Task item –
Of the entries below, return only those lines from the line with "I have two of" to the line with "Each capsule contains", exactly, both included.

Records for this task –
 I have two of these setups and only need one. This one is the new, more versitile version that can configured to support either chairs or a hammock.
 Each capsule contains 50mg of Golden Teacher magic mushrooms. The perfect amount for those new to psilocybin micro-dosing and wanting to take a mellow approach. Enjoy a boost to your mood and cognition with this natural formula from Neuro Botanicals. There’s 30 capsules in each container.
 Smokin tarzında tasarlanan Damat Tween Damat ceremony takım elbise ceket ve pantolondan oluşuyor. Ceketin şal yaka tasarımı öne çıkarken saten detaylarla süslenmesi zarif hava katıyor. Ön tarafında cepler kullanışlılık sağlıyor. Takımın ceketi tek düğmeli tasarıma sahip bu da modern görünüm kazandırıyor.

---

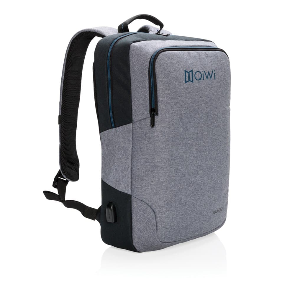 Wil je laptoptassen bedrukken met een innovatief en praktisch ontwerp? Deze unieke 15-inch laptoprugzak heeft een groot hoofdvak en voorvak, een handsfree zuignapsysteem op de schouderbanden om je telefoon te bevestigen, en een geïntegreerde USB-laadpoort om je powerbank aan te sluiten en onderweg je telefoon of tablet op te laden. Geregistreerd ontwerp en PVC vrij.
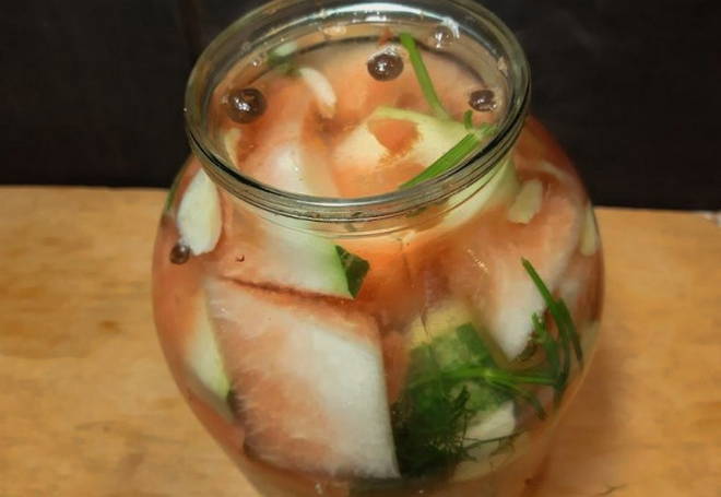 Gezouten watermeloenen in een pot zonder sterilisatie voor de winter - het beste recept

---

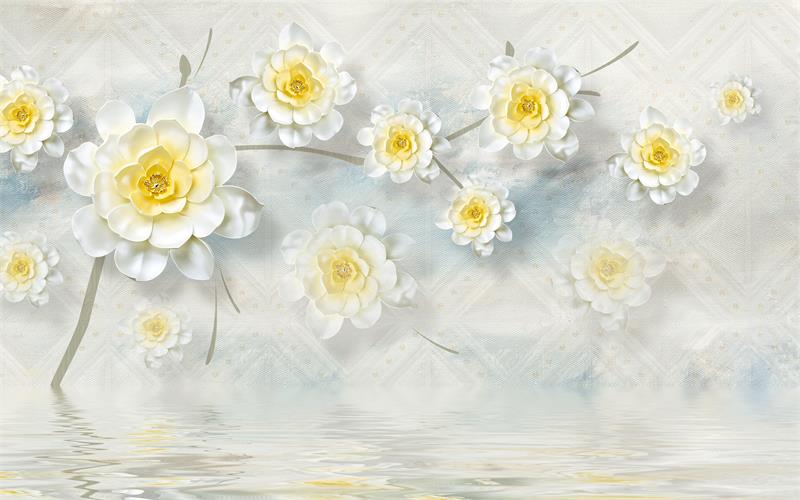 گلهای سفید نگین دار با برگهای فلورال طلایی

Problem solution –
 I have two of these setups and only need one. This one is the new, more versitile version that can configured to support either chairs or a hammock.
 Each capsule contains 50mg of Golden Teacher magic mushrooms. The perfect amount for those new to psilocybin micro-dosing and wanting to take a mellow approach. Enjoy a boost to your mood and cognition with this natural formula from Neuro Botanicals. There’s 30 capsules in each container.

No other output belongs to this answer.